Your answer should consist only of the lines below from the one with "初夏时节,群芳吐艳、桃红柳绿" through the one with "작동 상태 ①: 전방", copied exactly.

SOURCE INFORMATION:
——————————
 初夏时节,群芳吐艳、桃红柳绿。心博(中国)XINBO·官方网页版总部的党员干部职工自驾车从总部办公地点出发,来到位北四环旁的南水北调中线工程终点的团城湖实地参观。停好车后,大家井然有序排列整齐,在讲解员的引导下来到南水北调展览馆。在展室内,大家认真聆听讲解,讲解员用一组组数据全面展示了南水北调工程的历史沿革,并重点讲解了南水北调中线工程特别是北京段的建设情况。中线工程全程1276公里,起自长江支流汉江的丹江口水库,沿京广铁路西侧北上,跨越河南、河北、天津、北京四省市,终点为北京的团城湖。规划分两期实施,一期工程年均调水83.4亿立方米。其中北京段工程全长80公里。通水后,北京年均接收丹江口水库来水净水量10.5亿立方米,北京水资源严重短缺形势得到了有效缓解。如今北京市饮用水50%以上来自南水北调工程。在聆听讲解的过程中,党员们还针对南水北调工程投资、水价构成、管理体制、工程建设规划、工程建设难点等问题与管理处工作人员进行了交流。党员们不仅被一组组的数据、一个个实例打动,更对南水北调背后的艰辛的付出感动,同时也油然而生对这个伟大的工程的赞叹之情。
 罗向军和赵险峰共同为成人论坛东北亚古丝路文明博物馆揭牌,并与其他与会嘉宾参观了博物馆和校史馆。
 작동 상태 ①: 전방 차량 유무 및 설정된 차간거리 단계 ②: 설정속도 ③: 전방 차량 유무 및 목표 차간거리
——————————
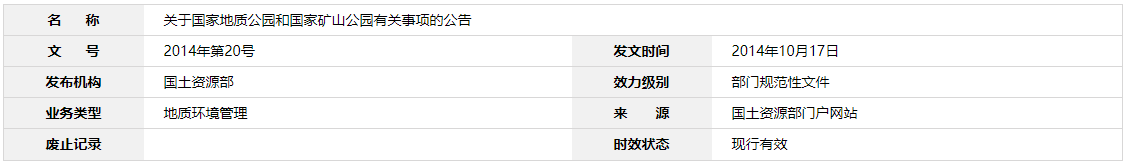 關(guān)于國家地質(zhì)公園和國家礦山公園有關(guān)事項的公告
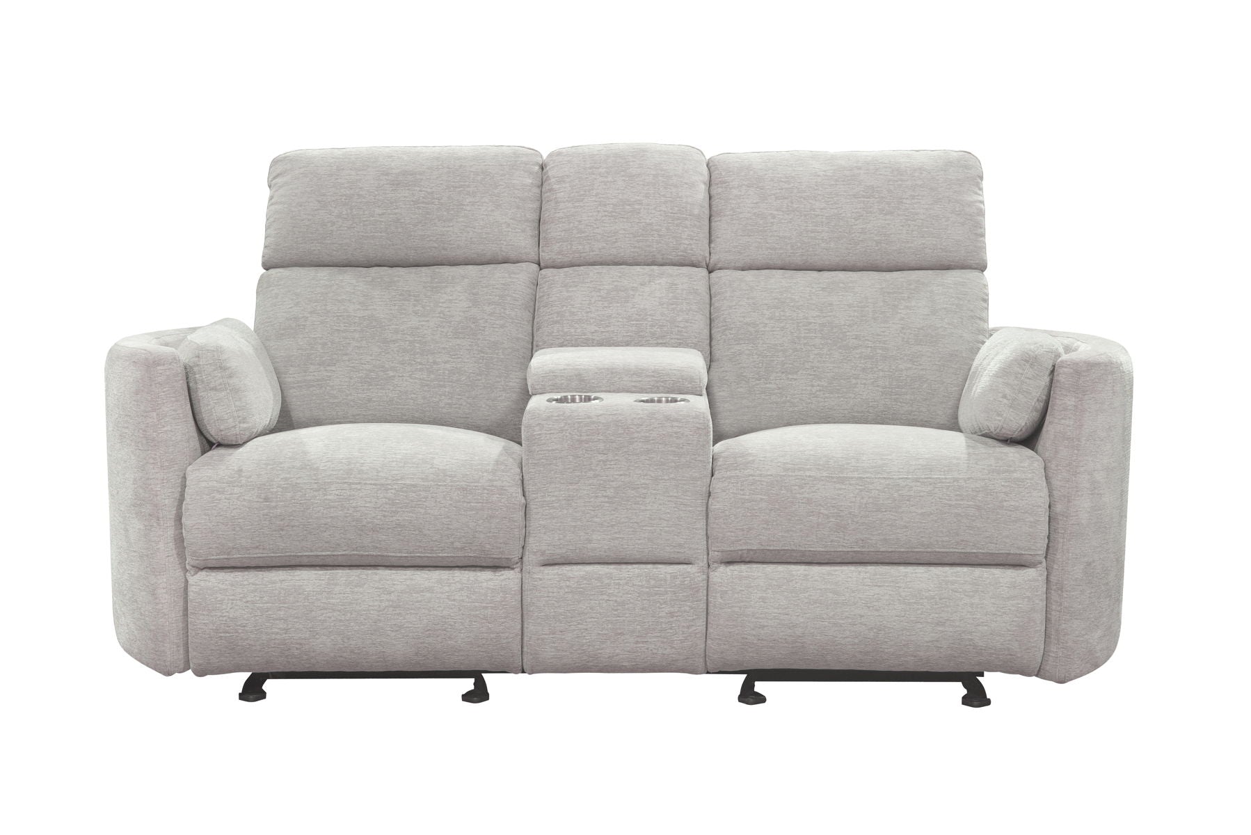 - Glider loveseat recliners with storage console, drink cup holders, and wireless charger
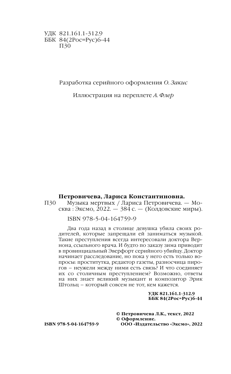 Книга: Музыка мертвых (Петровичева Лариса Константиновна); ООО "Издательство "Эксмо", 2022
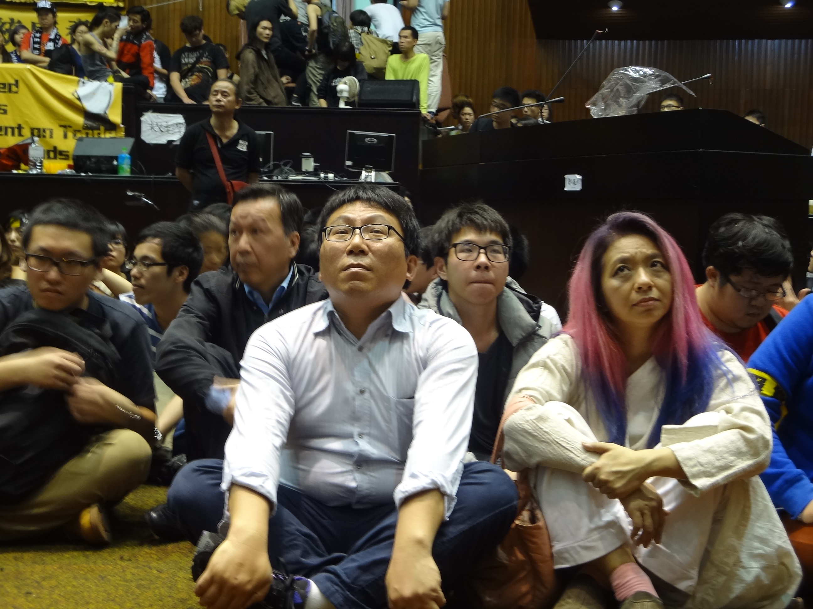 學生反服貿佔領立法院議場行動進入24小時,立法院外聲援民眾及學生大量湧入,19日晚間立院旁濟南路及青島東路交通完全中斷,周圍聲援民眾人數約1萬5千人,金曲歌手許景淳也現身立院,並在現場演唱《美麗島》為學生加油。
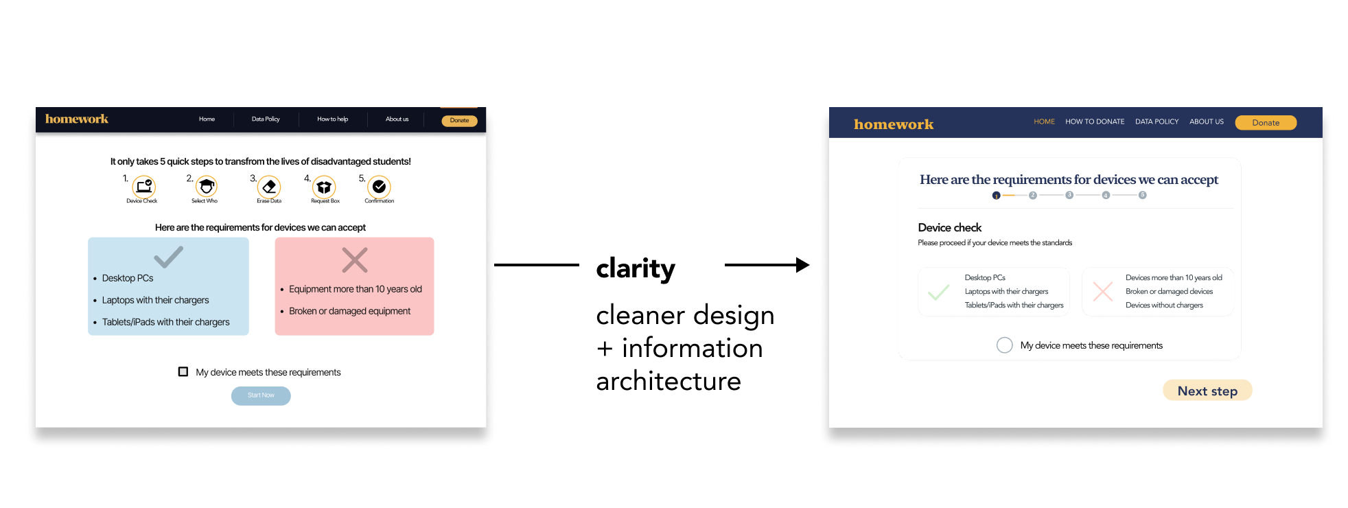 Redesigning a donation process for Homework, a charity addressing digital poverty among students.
——————————
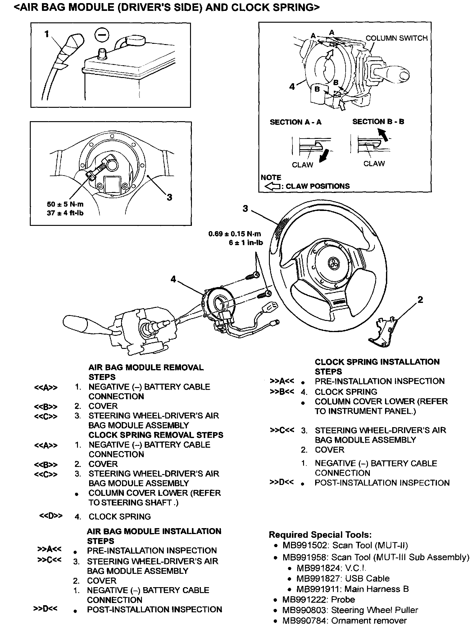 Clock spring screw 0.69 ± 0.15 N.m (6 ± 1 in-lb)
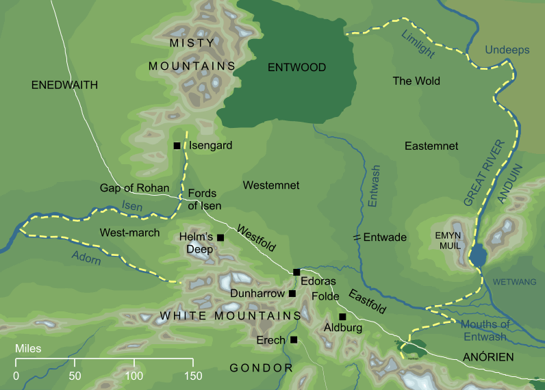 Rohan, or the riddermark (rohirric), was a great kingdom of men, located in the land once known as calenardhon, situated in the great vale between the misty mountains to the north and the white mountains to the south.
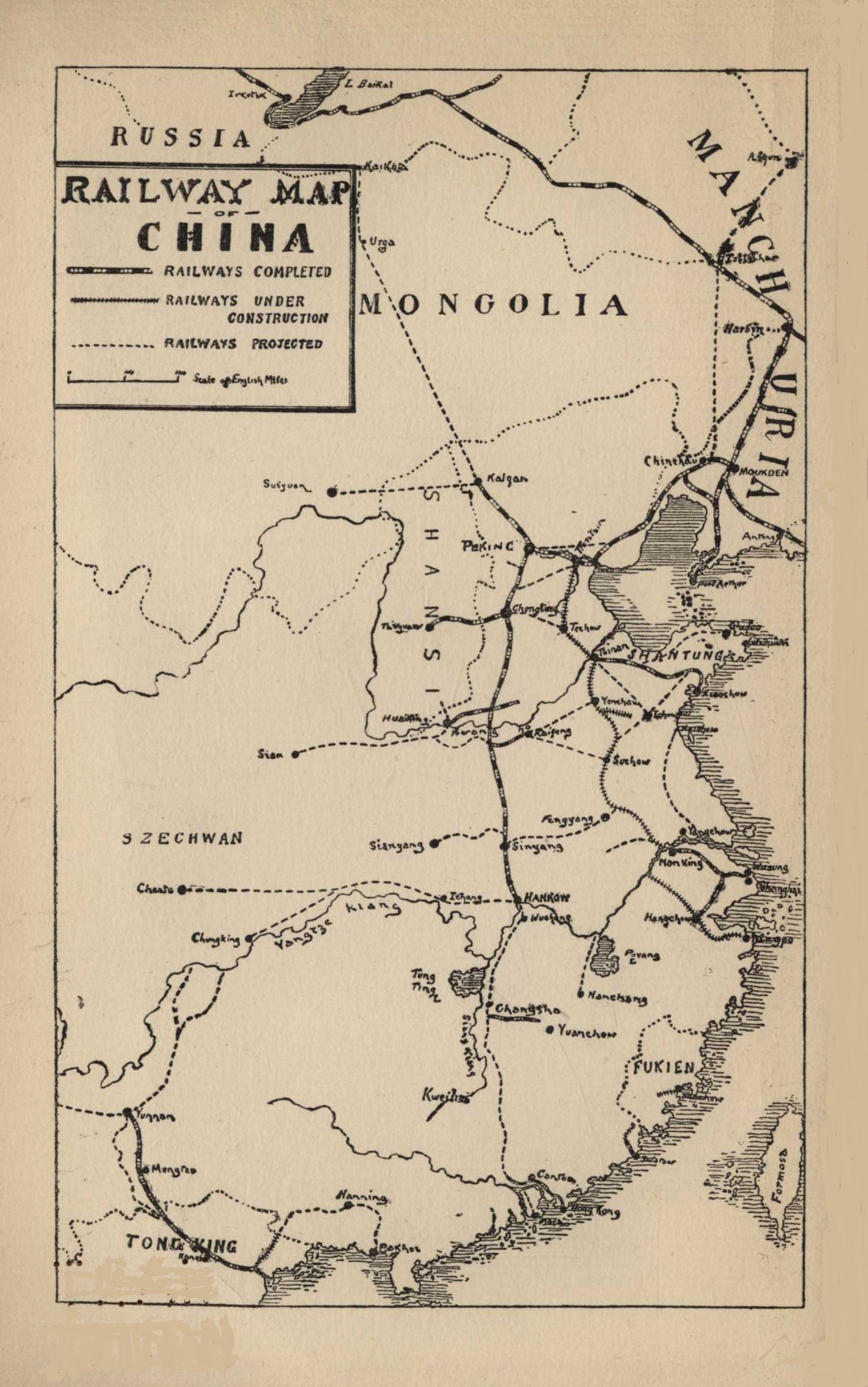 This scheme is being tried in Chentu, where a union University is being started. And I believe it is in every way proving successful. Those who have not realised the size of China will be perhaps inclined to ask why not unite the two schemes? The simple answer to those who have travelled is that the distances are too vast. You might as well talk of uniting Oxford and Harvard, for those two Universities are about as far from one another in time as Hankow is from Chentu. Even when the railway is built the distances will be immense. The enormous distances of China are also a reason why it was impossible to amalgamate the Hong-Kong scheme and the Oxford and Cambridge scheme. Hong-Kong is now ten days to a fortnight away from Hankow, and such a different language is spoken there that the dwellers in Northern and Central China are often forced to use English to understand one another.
——————————
EXERCISE SOLUTION:
 初夏时节,群芳吐艳、桃红柳绿。心博(中国)XINBO·官方网页版总部的党员干部职工自驾车从总部办公地点出发,来到位北四环旁的南水北调中线工程终点的团城湖实地参观。停好车后,大家井然有序排列整齐,在讲解员的引导下来到南水北调展览馆。在展室内,大家认真聆听讲解,讲解员用一组组数据全面展示了南水北调工程的历史沿革,并重点讲解了南水北调中线工程特别是北京段的建设情况。中线工程全程1276公里,起自长江支流汉江的丹江口水库,沿京广铁路西侧北上,跨越河南、河北、天津、北京四省市,终点为北京的团城湖。规划分两期实施,一期工程年均调水83.4亿立方米。其中北京段工程全长80公里。通水后,北京年均接收丹江口水库来水净水量10.5亿立方米,北京水资源严重短缺形势得到了有效缓解。如今北京市饮用水50%以上来自南水北调工程。在聆听讲解的过程中,党员们还针对南水北调工程投资、水价构成、管理体制、工程建设规划、工程建设难点等问题与管理处工作人员进行了交流。党员们不仅被一组组的数据、一个个实例打动,更对南水北调背后的艰辛的付出感动,同时也油然而生对这个伟大的工程的赞叹之情。
 罗向军和赵险峰共同为成人论坛东北亚古丝路文明博物馆揭牌,并与其他与会嘉宾参观了博物馆和校史馆。
 작동 상태 ①: 전방 차량 유무 및 설정된 차간거리 단계 ②: 설정속도 ③: 전방 차량 유무 및 목표 차간거리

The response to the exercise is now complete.